Juglone showed the highest inhibitory effect on the mutants and wild strain. In addition, we used JA as an inhibitor to investigate the change in the structure of juglone through modification of its hydroxyl group in order to increase the hydrophobicity. The decision to produce JA was partly due to the predicted activity of this derivative through the docking scores, which had a higher absolute energy of interaction than juglone. Overall, MIC test of JA demonstrated different results for the mutant and wild strains. Although docking showed a high potential for JA, the MIC test indicated slight decrease in activity, which might be due to lipophilic binding of JA to other cell components.
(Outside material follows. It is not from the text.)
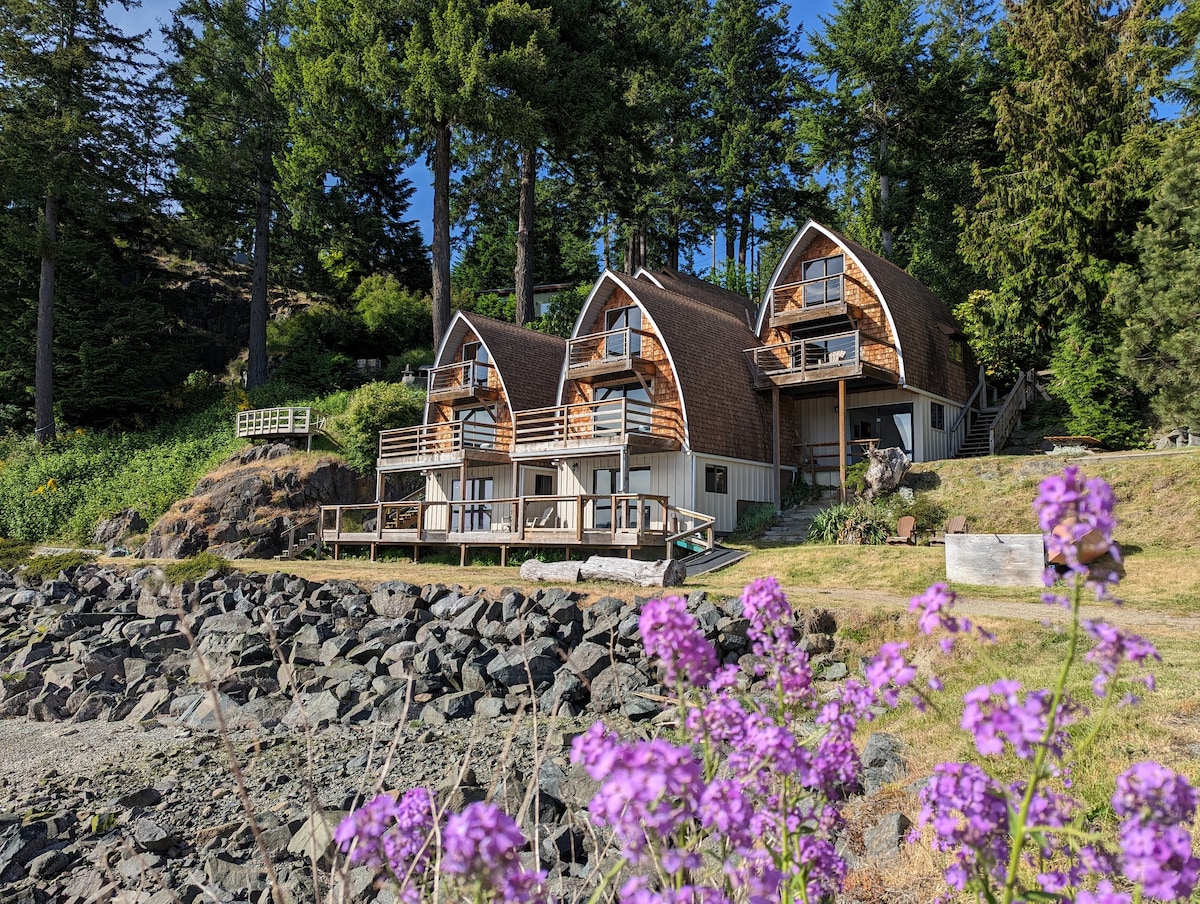 You won’t want to leave this unique oceanfront escape. Nestled in Gowlland Harbour on Quadra Island, Jade Resort offers stunning views and a peaceful retreat. Our 10 hillside suites overlook the water, perfect for relaxing and watching the tides shift. Just minutes from beaches, trails, and Rebecca Spit. Each suite includes a monocular for wildlife spotting. No TVs - intentionally - so you can unplug and enjoy the natural beauty around you.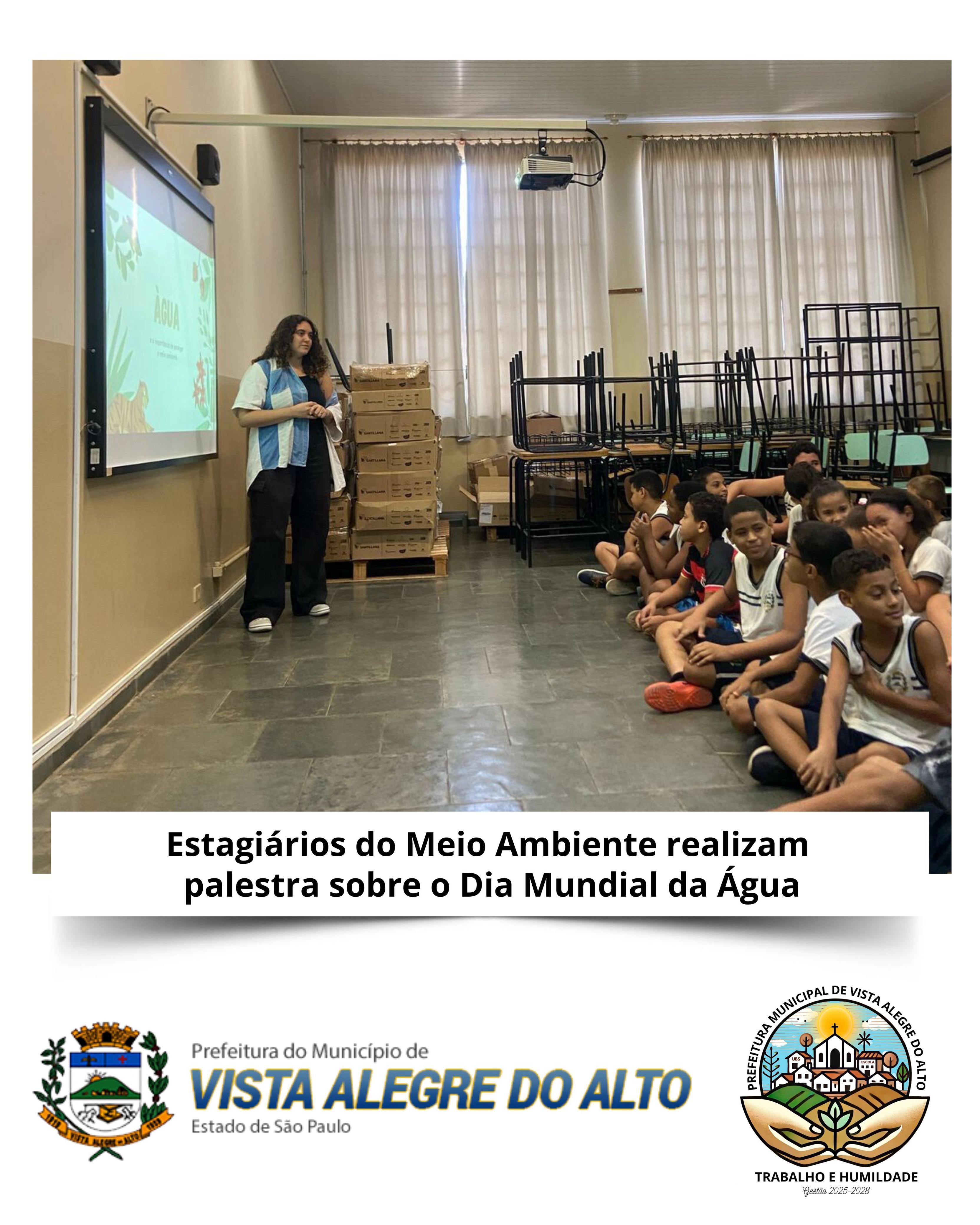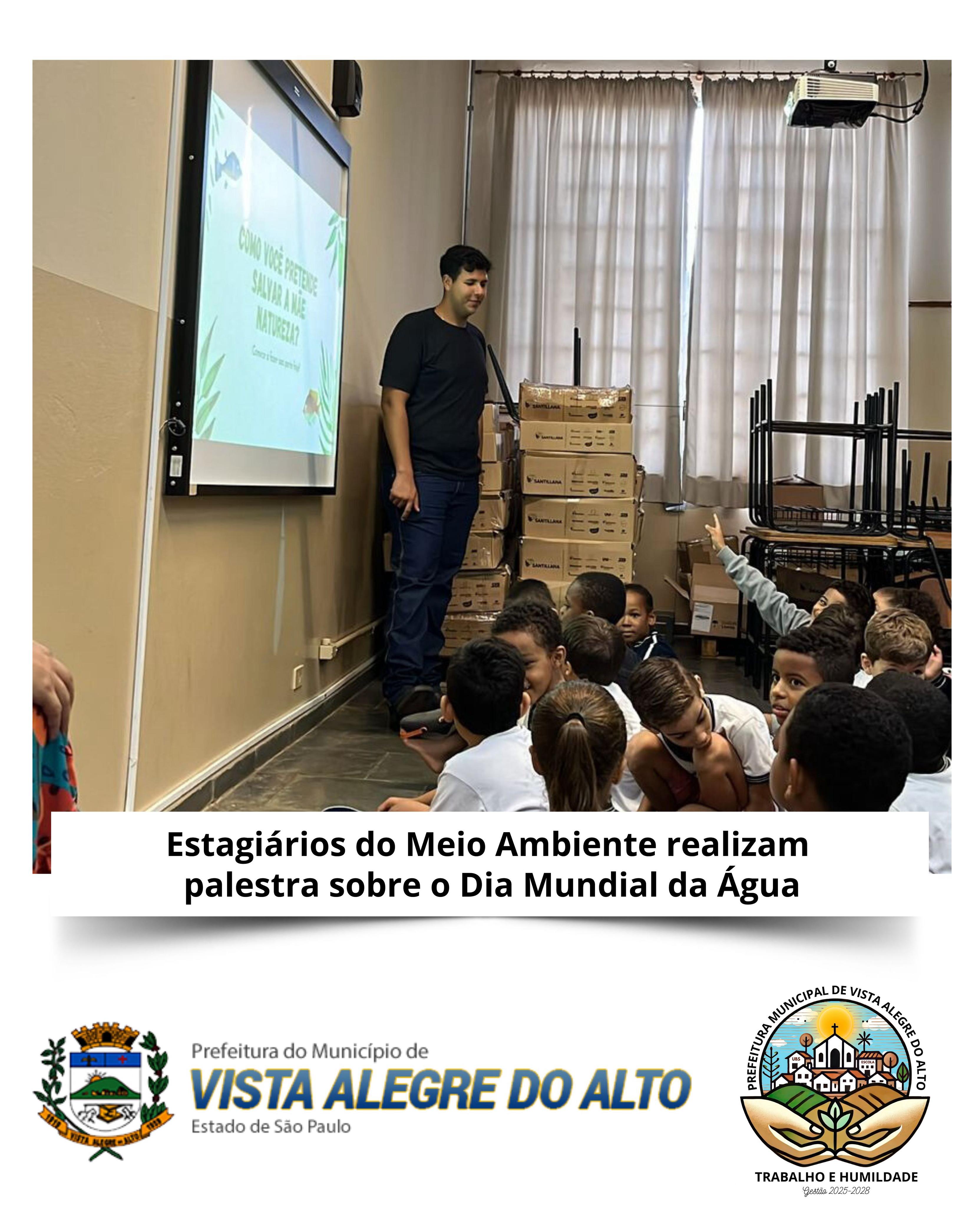 Hoje, os estagiários do setor de Meio Ambiente da Prefeitura de Vista Alegre do Alto, Bianca Caroline da Rocha Possa e José Mauro Almeida dos Santos, ministraram uma palestra especial para os alunos da Escola Municipal Irineu Julião.

Considering the specific inhibitory effect of juglone on Parvulin[29] and the higher sensitivity of AfuRbp deficient mutants to this chemical compared to the parental strain, it can be concluded that juglone may act as a specific inhibitor of the AfuRBP. More detailed studies on recombinant AfuRBP may verify this claim.

In conclusion, in this study, the bioinformatics and biological assessments of AfuRBP were carried out, and the presented data can be considered as a start for pin pointing a target towards developing a new drug against A. fumigatus.